Provided data ▸
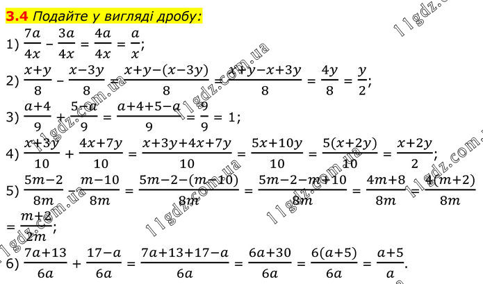 Подайте у вигляді дробу: 1) 7a/4x – 3a/4x = 4a/4x = a/x; 2) (x+y)/8 – (x-3y)/8 = (x+y-(x-3y))/8 = (x+y-x+3y)/8 = 4y/8 = y/2; 3) (a+4)/9 + (5-a)/9 = (a+4+5-a)/9 = 9/9 = 1; 4) (x+3y)/10 + (4x+7y)/10 = (x+3y+4x+7y)/10 = (5x+10y)/10 = (5(x+2y))/10 = (x+2y)/2; 5) (5m-2)/8m – (m-10)/8m = (5m-2-(m-10))/8m = (5m-2-m+10)/8m = (4m+8)/8m = (4(m+2))/8m = (m+2)/2m; 6) (7a+13)/6a + (17-a)/6a = (7a+13+17-a)/6a = (6a+30)/6a = (6(a+5))/6a = (a+5)/a.
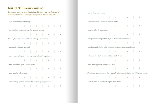 The Resilience Journal starts you on this path with an initial self-assessment using fifteen statements such as “I cope well with change.” Then, through completing the wide range of daily interactive prompts and exercises, you will discover ways to not only cope with difficulties but grow stronger from them. At the end of the journal there’s another self-assessment quiz. Fill it out to see how much your self-knowledge, compassion, patience, and resilience has improved.
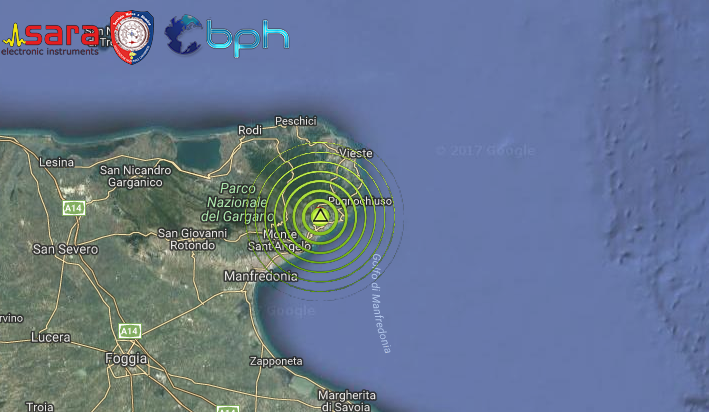 SCOSSA DI TERREMOTO DI Ml 2.7 NELLA ZONA DEL GARGANO IN PUGLIA

Directions ▸ Go through the listing above and write it all out exactly, leaving out any picture.

The completed task ▸
 Подайте у вигляді дробу: 1) 7a/4x – 3a/4x = 4a/4x = a/x; 2) (x+y)/8 – (x-3y)/8 = (x+y-(x-3y))/8 = (x+y-x+3y)/8 = 4y/8 = y/2; 3) (a+4)/9 + (5-a)/9 = (a+4+5-a)/9 = 9/9 = 1; 4) (x+3y)/10 + (4x+7y)/10 = (x+3y+4x+7y)/10 = (5x+10y)/10 = (5(x+2y))/10 = (x+2y)/2; 5) (5m-2)/8m – (m-10)/8m = (5m-2-(m-10))/8m = (5m-2-m+10)/8m = (4m+8)/8m = (4(m+2))/8m = (m+2)/2m; 6) (7a+13)/6a + (17-a)/6a = (7a+13+17-a)/6a = (6a+30)/6a = (6(a+5))/6a = (a+5)/a.
 The Resilience Journal starts you on this path with an initial self-assessment using fifteen statements such as “I cope well with change.” Then, through completing the wide range of daily interactive prompts and exercises, you will discover ways to not only cope with difficulties but grow stronger from them. At the end of the journal there’s another self-assessment quiz. Fill it out to see how much your self-knowledge, compassion, patience, and resilience has improved.
 SCOSSA DI TERREMOTO DI Ml 2.7 NELLA ZONA DEL GARGANO IN PUGLIA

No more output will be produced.